Para Mario Mantovani, diretor de mobilização da Fundação SOS Mata Atlântica, o relatório do senador Luiz Henrique não conseguiu avançar para nenhuma mudança positiva no Código. “Ele acata emendas acessórias, ignora as que repõem a essência da lei, mantém a anistia como regra e é omisso em relação a novos desmatamentos ilegais. É inconstitucional”, diz Mantovani. “Se aprovado, o Código não dispensa só multas, mas isenta o ex-infrator da obrigação de reparar os danos ambientais ocorridos após a Lei de Crimes e Infrações contra o Meio Ambiente.”
Outro tipo de anistia que gera polêmica é a dispensa total de recomposição de reserva legal para quaisquer imóveis com até quatro módulos fiscais em todo o Brasil. Segundo o Instituto de Pesquisa Econômica Aplicada (Ipea), são mais de 18 milhões de hectares dispensados de reserva legal. O novo relatório ainda reduz, contrariando os discursos, as áreas de proteção ao propor redução da APP para 15 metros em rios com até dez metros de largura. A SBPC afirma que essa medida afeta mais de 50% de toda malha hídrica do Brasil – centenas de milhares de quilômetros de margens de rios. De acordo com o Ministério Público Estadual de São Paulo, a nova redação de topos de morro mantida pelo relatório reduz em mais de 95% as protegidas pela legislação atual, o que implicará novos desmatamentos, além da legalização de desmatamentos antigos em áreas de risco. Outro ponto discutido foi a compensação do déficit de reserva legal no bioma. Ambientalistas e representantes dos agricultores defendem que ela só pode ocorrer no mesmo ecossistema.
Debate enrolado
Em 2008, foi criado um grupo de discussões sobre o Código Florestal com representantes de três ministérios: Agricultura, Meio Ambiente e Desenvolvimento Agrário. Mas, por falta de consenso, o ministro da Agricultura à época, Reinhold Stephanes, dissolveu o grupo, em janeiro de 2009. No mesmo ano, em novembro, Stephanes tentou modificar o Código Florestal por meio de medida provisória, provocando reação em cadeia de entidades defensoras da preservação ambiental.
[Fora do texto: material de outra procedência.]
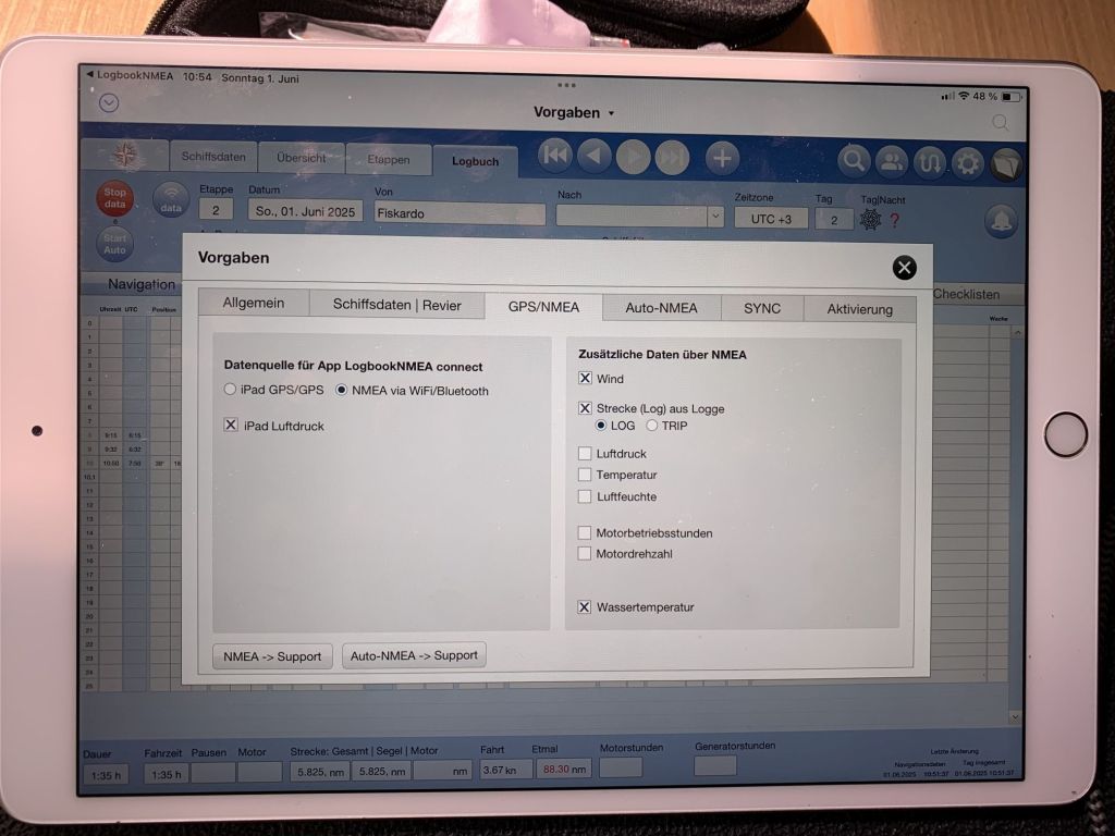 Die einen lesen, die anderen hören Hörbücher. Es bleibt Raum um etwas zu dösen und ich – ich widme mich dem neuen, elektronischen Logbuch!

Em 2010, uma comissão da Câmara dos Deputados, presidida pelo deputado Moacir Micheletto (PMDB-PR), apresentou proposta para reformular o código reduzindo a reserva legal de propriedades na Amazônia de 80% para 25%. Em maio deste ano, o relatório do novo Código, apresentado pelo deputado Aldo Rebelo (PCdoB-SP), foi aprovado por 410 dos 530 deputados, contendo mudanças criticadas pela sociedade civil, por ONGs, por parlamentares da Casa e até por produtores do setor.
O fortalecimento do mercado de compensação florestal no Brasil, com a possibilidade de uma área desmatada ser recomposta em diferentes propriedades, representa uma importante oportunidade de distribuição de renda, na opinião de pesquisadores. Ricardo Ribeiro Rodrigues, professor da (Esalq-USP), defendeu medidas de recuperação ambiental como forma de aumentar a renda dos agricultores. “Boa parte das terras desmatadas poderá ser recomposta pela recuperação natural, processo conhecido como restauração passiva”, diz Rodrigues.
Como se vê, ideias e propostas não faltaram para alimentar o debate e orientar os senadores nesses seis meses entre a votação na Câmara e a no Senado, que deve acontecer no dia 22. O mais provável é que no Senado o governo consiga recuperar-se da derrota imposta pelo relatório do hoje ministro do Esporte, Aldo Rebelo, fazendo aprovar um texto que concilie as exigências da sustentabilidade com a viabilidade econômica do agronegócio brasileiro.